• rlupi 2 minutes ago

    What an interesting way to put the trolley problem:

    > There's a runaway trolley barreling down a railway. Further down the tracks there are five people tied up and unable to move. They will die once the trolley reaches them.

    > You are stood on a footbridge with an innocent bystander. You can push him off the bridge, blocking the trolley and killing him, but saving the other 5 people. Or you can do nothing and the 5 people will die.

    Because there are not two, but three solutions: you can jump off the bridge and block the trolley with your own death.

    I wonder how many are going to give that answer. I can see it coming from two kinds of people: the severely depressed to the point of being suicidal, people who have reached a spiritual state of bliss and awareness to value their own life and those of the other men as equally important AND they feel they are unattached enough to let go while the other 6 men may need more time in their lives.

    • 082349872349872 5 days ago

      A possible confounding factor which leaps to mind is the notion of register: almost all language instruction is in a utilitarian register, and daily L2 use is also commonly utilitarian; indeed, emotional surprise tends to cause people to fall back* on their L1.

      If we could find people who learned an L2 in an emotionally charged environment (at an orphanage? in a teenage gang?) but never subsequently used it for work or leisure in a utilitarian environment, would they show the opposite results?

      * I've heard that in WWII, a standard counterintelligence ploy was to suddenly stomp on an interviewee's foot to observe if they reacted with "Ow!" or "Aua!" or "Aie!", etc. (this reaction is trainable, of course, as the number of french who say "punaise" [minced, like "gosh darn"] when they hit their thumbs with a hammer will attest)

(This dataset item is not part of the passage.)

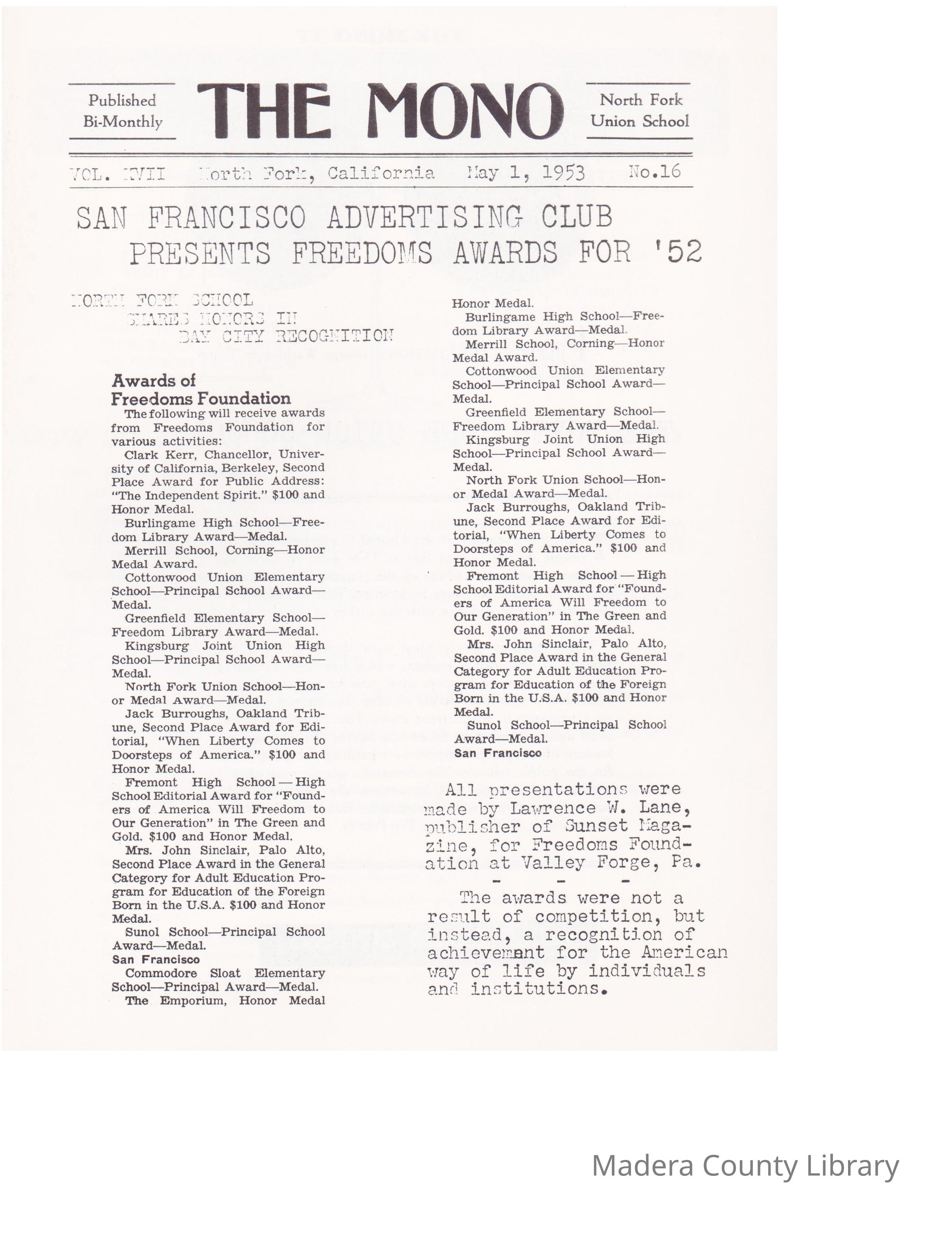 The Mono May 1 1953, no 16Description

      • vladvasiliu 19 hours ago

        It's always been interesting to me which language we pick in which situation.

        As a foreign-born immigrant in the country where I live, I've learned the local language as a teenager.

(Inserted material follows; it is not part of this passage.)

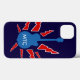 Um vetor de guitarra azul com raio vermelho e iniciais personalizadas

        Yesterday, while talking to my mother in my mother tongue, I hit my toe and reacted in the local language. I'd say I do most of my thinking in the local language or in English, although I've only ever visited English-speaking countries as a short-term tourist. Yet, when I need to count things, like the reps when lifting weights, I'll do it in my mother tongue.

      • gmuslera 18 hours ago

        If the difference is making the answer in a language that is not the native one (even if well understood enough) maybe more than language it is about getting closer to the second system than the first one, thinking slow and in a more rational way instead of a fast instinctive/long learned patterns one.

        Some languages may have some implicit culture and ways to see some things (there was some TED talk several years ago that sustained that people tend to have more savings depending how the language represent the future selves, or something like that), but if for this the problem is not which language, but that it not is the native one then the focus should be put elsewhere.

        • giraffe_lady 16 hours ago

          > Are creativity and problem solving improved in another language?

          More likely the other way around I think? Anecdotally I've noticed that no matter how fluent, the things everyone does in their native language are counting money, swearing when they think they're alone, and a secret third thing.

          I lived for many years in another country not as an expat but fully integrated in social, family, and work ways. As fluent as an adult learner can get. When I need to sit down and really think through a difficult problem, come up with a novel solution, I do it in my native language.